*What to do:*
The expected output is the full data, repeated exactly, without pictures.

*Available data:*
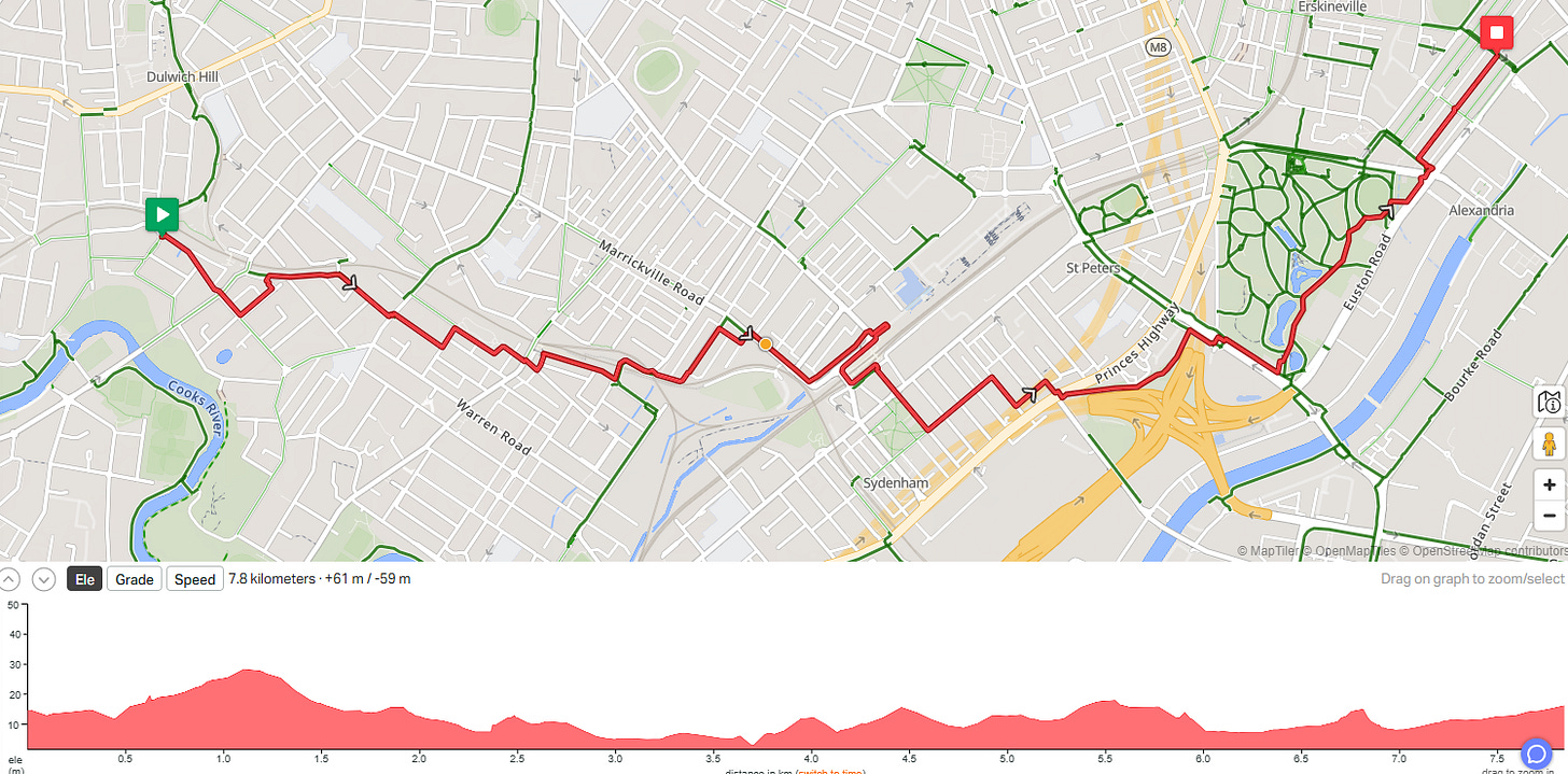 You can follow this track on RideWithGPS. It is called Cooks Ride 24 - Marrickville Railway and Sydenham and goes down the new council Sydenham to Sydney Park cycle route.
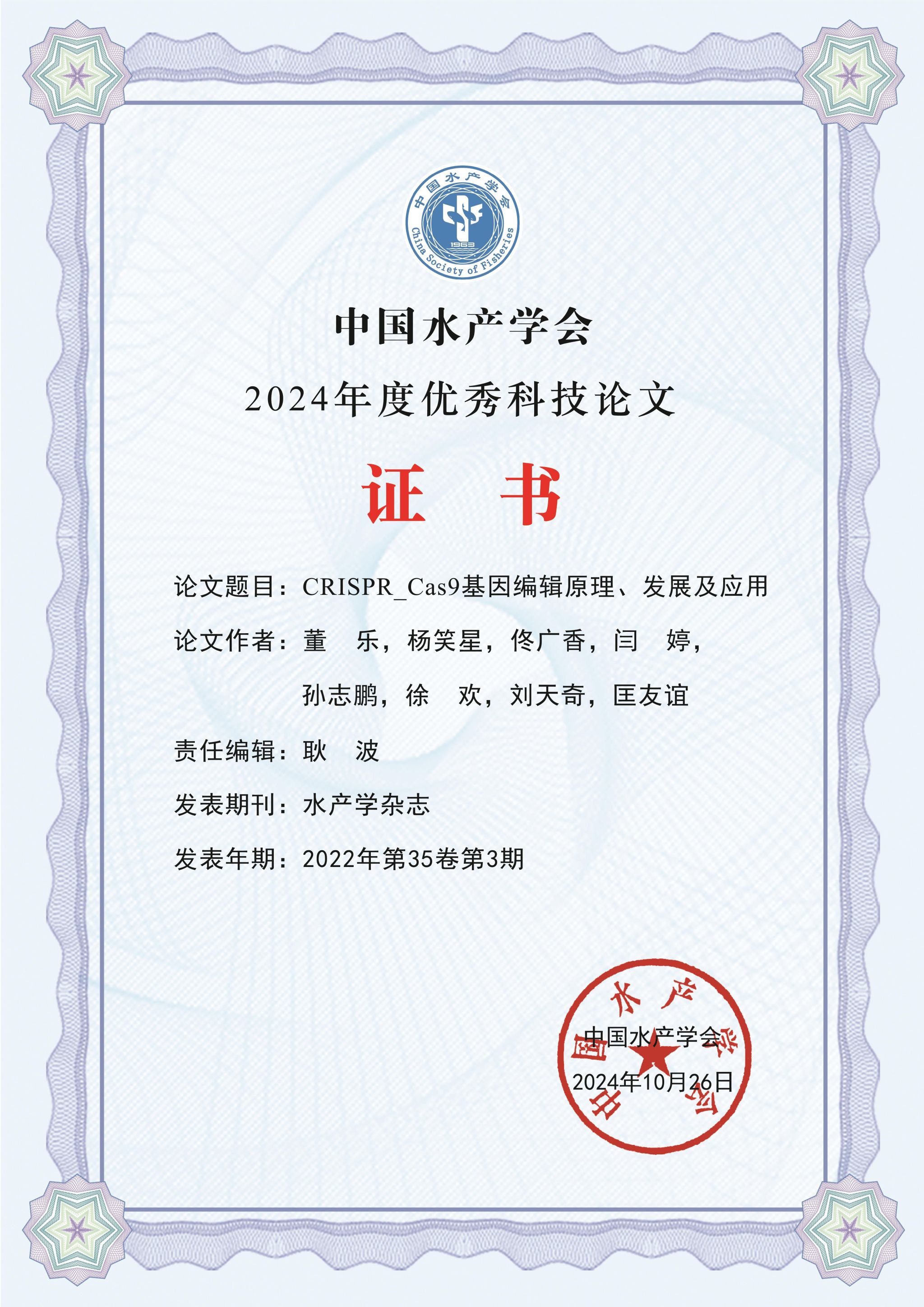日前,中国水产学会2024年度“十佳科技论文”和“优秀科技论文”评选结果发布。由《水产学杂志》发表并推荐的论文《CRISPR_Cas9基因编辑原理、发展及应用》(通信作者匡友谊)获评为中国水产学会2024年度“优秀科技论文”。
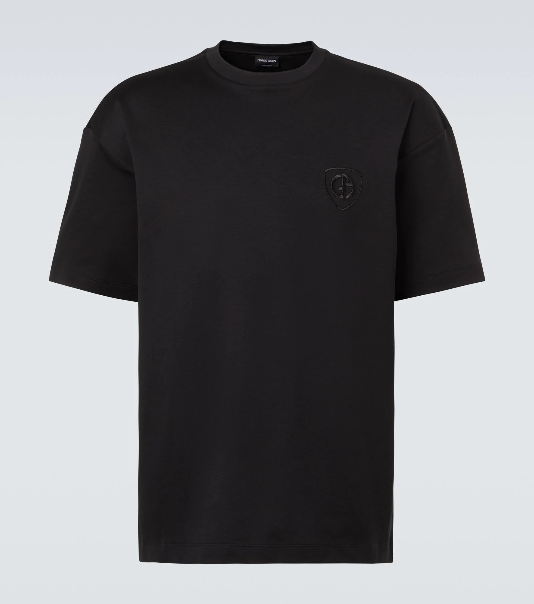 Known for its streamlined modernity, Giorgio Armani presents an elegant take on classic silhouettes and immaculate suiting. This T-shirt is made from cotton jersey and features tonal logo embroidery. Product Details - Material: 100% cotton - Care instructions: hand wash - Made in Italy - Color: black - Designer color name: Onix - Item color: black - Collar: crewneck - Item number: P01083224 Size & Fit - True to size - Dropped shoulders - Straight fit - Slightly stretchy fabric - Falls to the hip - Height of model is 189cm-74.5" and wears a size IT 50

*Response to the task:*
 You can follow this track on RideWithGPS. It is called Cooks Ride 24 - Marrickville Railway and Sydenham and goes down the new council Sydenham to Sydney Park cycle route.
日前,中国水产学会2024年度“十佳科技论文”和“优秀科技论文”评选结果发布。由《水产学杂志》发表并推荐的论文《CRISPR_Cas9基因编辑原理、发展及应用》(通信作者匡友谊)获评为中国水产学会2024年度“优秀科技论文”。
 Known for its streamlined modernity, Giorgio Armani presents an elegant take on classic silhouettes and immaculate suiting. This T-shirt is made from cotton jersey and features tonal logo embroidery. Product Details - Material: 100% cotton - Care instructions: hand wash - Made in Italy - Color: black - Designer color name: Onix - Item color: black - Collar: crewneck - Item number: P01083224 Size & Fit - True to size - Dropped shoulders - Straight fit - Slightly stretchy fabric - Falls to the hip - Height of model is 189cm-74.5" and wears a size IT 50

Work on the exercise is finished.